Successful business succession therefore requires a sensitive approach and the ability to work with emotions and historical ties that are intertwined with business decisions in a family context.
The Czech Republic is currently facing a unique situation. Family businesses were disrupted by the communist regime, and most of the companies operating today were established after 1990. This means that the current wave of business transfers is the first experience with succession for many founders, who lack previous experience or established procedures.
Founders must therefore learn how to transfer their businesses, just as they once learned how to start and run them. This lack of "institutional memory" increases the need for external expert assistance that can provide structured guidance and best practices.

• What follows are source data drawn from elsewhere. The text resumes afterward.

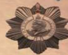
ОРДЕН КУТУЗОВА II степени

10-ый Гвардейский, Уральско-Львовский, Краснознаменный, Орденов Суворова и Кутузова, Добровольческий танковый Корпус.
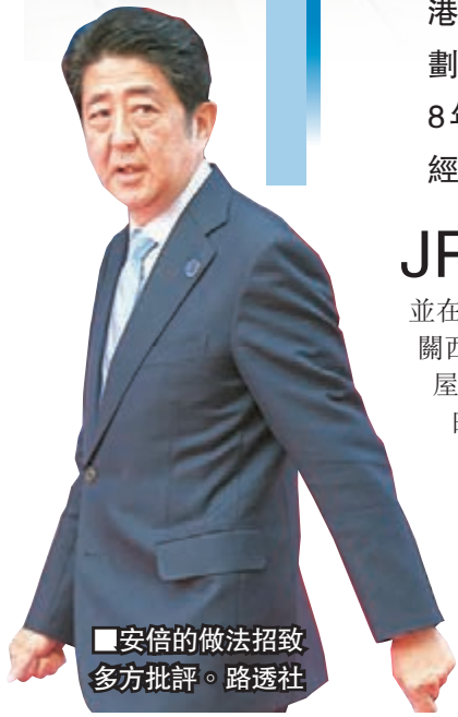
安倍的作法招致多方批評。路透社

JR東海部分高層人員擔心，政府借款後必會嘗試干預業務，希望公司總裁拒絕接受。 ■路透社/共同社
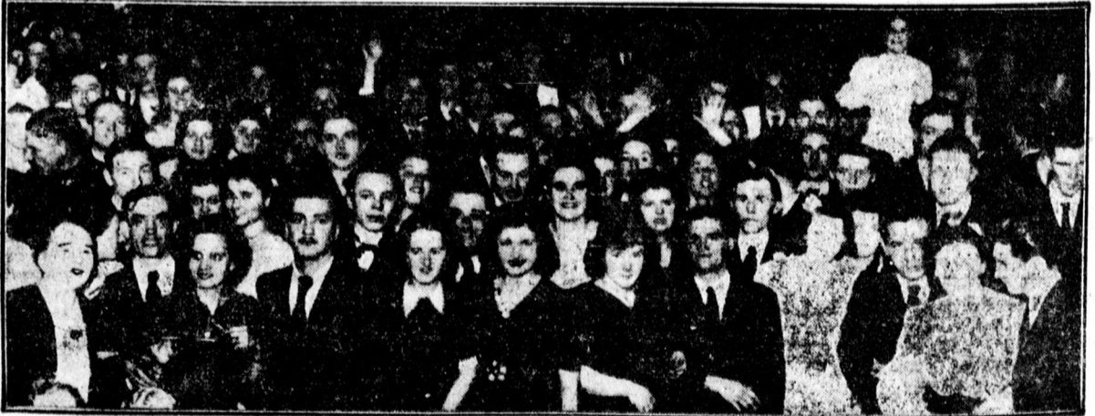
A táncestély rendezése az Arany Bika-szállóban

Succession in a family business is threefold: it involves handing over the management of the business, transferring ownership, and at the same time impacting family relationships. These three areas are inextricably linked, and a successful handover requires a comprehensive solution to all three pillars simultaneously. It is not possible to focus solely on the legal aspects of the transfer of assets and neglect the dynamics of family relationships or management continuity.
The transfer of a company is not a one-off event, but a long-term process that should ideally begin three years before the actual transfer. The average "lifespan" of a company founder is approximately 25 years, which provides sufficient time for careful preparation and gradual steps.
An incomplete transformation of the company structure or an inadequately resolved transfer of management to a successor are among the greatest risks that can threaten not only the operation of the company, but ultimately its very existence. Proactive and timely planning is therefore key to ensuring the stability and future of a family business. ARROWS lawyers have extensive experience in dealing with these complex situations and assist clients in preparing strategic succession plans.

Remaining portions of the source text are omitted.